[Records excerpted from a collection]
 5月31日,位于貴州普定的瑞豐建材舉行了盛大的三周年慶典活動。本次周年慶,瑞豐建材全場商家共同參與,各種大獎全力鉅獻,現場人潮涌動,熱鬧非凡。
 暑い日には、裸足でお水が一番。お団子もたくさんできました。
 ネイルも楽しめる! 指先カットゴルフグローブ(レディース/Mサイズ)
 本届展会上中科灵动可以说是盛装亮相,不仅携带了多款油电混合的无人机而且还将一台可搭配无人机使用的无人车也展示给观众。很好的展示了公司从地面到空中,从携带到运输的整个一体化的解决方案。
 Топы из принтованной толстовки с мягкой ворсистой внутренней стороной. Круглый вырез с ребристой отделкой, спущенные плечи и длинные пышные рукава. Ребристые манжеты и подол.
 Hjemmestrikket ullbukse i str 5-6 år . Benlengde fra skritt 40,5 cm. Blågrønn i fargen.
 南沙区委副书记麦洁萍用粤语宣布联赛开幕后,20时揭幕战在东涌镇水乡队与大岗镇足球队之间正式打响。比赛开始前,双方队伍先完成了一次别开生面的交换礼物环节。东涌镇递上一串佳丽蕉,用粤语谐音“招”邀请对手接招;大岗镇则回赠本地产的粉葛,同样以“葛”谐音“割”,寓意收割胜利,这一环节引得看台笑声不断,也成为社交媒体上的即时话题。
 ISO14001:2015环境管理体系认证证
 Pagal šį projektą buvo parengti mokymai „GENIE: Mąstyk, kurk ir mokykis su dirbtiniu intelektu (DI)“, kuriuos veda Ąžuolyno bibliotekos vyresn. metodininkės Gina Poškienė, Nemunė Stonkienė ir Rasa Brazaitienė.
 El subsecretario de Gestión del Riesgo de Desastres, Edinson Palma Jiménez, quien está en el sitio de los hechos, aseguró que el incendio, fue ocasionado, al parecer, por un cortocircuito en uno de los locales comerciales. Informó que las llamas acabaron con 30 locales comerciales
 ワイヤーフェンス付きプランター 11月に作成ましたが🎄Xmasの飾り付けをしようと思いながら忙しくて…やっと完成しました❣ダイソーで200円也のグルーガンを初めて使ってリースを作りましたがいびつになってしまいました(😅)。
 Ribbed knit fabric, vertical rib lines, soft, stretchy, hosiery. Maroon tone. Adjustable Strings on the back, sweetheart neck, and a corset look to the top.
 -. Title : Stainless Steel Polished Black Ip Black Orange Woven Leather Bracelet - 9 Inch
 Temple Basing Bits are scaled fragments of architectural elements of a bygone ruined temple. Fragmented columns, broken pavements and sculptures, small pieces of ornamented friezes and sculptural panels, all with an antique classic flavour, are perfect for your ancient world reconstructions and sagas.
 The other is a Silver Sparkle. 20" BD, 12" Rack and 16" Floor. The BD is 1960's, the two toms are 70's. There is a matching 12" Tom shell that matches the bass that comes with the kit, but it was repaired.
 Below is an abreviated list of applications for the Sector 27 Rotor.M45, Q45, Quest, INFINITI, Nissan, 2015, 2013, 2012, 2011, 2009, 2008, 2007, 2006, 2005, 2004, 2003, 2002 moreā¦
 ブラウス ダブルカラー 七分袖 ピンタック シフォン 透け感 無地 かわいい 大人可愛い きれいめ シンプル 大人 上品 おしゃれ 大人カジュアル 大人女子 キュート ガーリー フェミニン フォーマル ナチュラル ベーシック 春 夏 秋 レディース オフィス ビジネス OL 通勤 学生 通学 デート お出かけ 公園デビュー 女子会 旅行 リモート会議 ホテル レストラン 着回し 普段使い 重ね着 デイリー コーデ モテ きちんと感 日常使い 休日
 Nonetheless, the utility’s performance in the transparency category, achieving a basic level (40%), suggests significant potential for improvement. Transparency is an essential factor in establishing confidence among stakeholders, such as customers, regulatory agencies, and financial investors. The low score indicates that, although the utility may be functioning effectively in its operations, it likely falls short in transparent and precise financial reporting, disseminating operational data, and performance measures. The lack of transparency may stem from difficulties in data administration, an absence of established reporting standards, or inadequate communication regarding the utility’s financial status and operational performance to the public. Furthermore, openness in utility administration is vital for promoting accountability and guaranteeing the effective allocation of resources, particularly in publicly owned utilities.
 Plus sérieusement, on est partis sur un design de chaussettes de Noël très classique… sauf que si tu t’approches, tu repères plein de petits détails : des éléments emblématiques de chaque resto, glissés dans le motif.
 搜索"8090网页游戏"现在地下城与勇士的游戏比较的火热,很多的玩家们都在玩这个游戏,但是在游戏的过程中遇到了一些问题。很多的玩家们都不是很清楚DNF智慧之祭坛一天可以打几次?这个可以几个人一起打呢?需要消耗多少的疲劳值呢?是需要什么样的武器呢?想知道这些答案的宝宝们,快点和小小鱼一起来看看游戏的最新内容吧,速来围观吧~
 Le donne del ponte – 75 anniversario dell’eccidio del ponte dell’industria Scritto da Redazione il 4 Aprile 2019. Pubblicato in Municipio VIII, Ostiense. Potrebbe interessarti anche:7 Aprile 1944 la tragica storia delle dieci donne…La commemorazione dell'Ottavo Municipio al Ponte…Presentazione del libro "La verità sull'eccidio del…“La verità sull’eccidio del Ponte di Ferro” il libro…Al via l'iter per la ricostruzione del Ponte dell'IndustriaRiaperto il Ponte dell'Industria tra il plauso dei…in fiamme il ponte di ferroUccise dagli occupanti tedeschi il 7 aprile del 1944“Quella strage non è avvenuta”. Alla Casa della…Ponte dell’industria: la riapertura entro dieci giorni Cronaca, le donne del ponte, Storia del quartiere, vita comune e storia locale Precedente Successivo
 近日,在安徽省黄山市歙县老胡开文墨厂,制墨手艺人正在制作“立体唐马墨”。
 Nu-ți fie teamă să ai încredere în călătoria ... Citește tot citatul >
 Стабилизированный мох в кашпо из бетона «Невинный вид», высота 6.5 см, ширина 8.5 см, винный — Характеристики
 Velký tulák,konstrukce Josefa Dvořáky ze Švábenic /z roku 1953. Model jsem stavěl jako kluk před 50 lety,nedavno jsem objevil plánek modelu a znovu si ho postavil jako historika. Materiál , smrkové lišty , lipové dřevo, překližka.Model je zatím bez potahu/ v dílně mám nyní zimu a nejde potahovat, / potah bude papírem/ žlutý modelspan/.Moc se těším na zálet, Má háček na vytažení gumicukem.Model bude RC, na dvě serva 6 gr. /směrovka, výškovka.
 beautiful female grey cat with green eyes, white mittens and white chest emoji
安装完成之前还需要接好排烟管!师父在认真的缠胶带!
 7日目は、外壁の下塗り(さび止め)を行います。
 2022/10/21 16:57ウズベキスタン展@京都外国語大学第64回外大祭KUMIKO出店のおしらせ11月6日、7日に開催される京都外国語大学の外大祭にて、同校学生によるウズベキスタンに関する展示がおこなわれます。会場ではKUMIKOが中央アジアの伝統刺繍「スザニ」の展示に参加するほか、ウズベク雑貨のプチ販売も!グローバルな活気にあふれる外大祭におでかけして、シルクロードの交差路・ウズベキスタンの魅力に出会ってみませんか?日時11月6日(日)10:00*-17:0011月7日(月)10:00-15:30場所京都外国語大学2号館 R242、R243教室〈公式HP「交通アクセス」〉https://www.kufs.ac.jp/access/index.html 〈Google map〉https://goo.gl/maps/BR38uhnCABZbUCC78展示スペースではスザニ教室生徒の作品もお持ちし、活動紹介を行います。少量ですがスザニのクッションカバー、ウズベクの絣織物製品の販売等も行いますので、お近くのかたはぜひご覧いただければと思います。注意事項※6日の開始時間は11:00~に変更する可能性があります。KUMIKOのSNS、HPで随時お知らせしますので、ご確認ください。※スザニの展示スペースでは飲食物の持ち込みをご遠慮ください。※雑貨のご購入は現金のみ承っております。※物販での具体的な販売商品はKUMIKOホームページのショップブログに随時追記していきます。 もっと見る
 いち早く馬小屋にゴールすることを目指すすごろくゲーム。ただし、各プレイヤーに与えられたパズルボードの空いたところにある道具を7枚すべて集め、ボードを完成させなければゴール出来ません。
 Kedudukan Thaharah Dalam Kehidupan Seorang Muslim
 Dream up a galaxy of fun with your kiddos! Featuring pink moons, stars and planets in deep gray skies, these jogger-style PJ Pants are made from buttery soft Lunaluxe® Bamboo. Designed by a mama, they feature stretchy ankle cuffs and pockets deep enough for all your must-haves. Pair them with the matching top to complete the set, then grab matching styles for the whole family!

Goal of the exercise ::
Go line by line through the data, copying each one that contains the word "soft".

Solution for this problem ::
 Ribbed knit fabric, vertical rib lines, soft, stretchy, hosiery. Maroon tone. Adjustable Strings on the back, sweetheart neck, and a corset look to the top.
 Dream up a galaxy of fun with your kiddos! Featuring pink moons, stars and planets in deep gray skies, these jogger-style PJ Pants are made from buttery soft Lunaluxe® Bamboo. Designed by a mama, they feature stretchy ankle cuffs and pockets deep enough for all your must-haves. Pair them with the matching top to complete the set, then grab matching styles for the whole family!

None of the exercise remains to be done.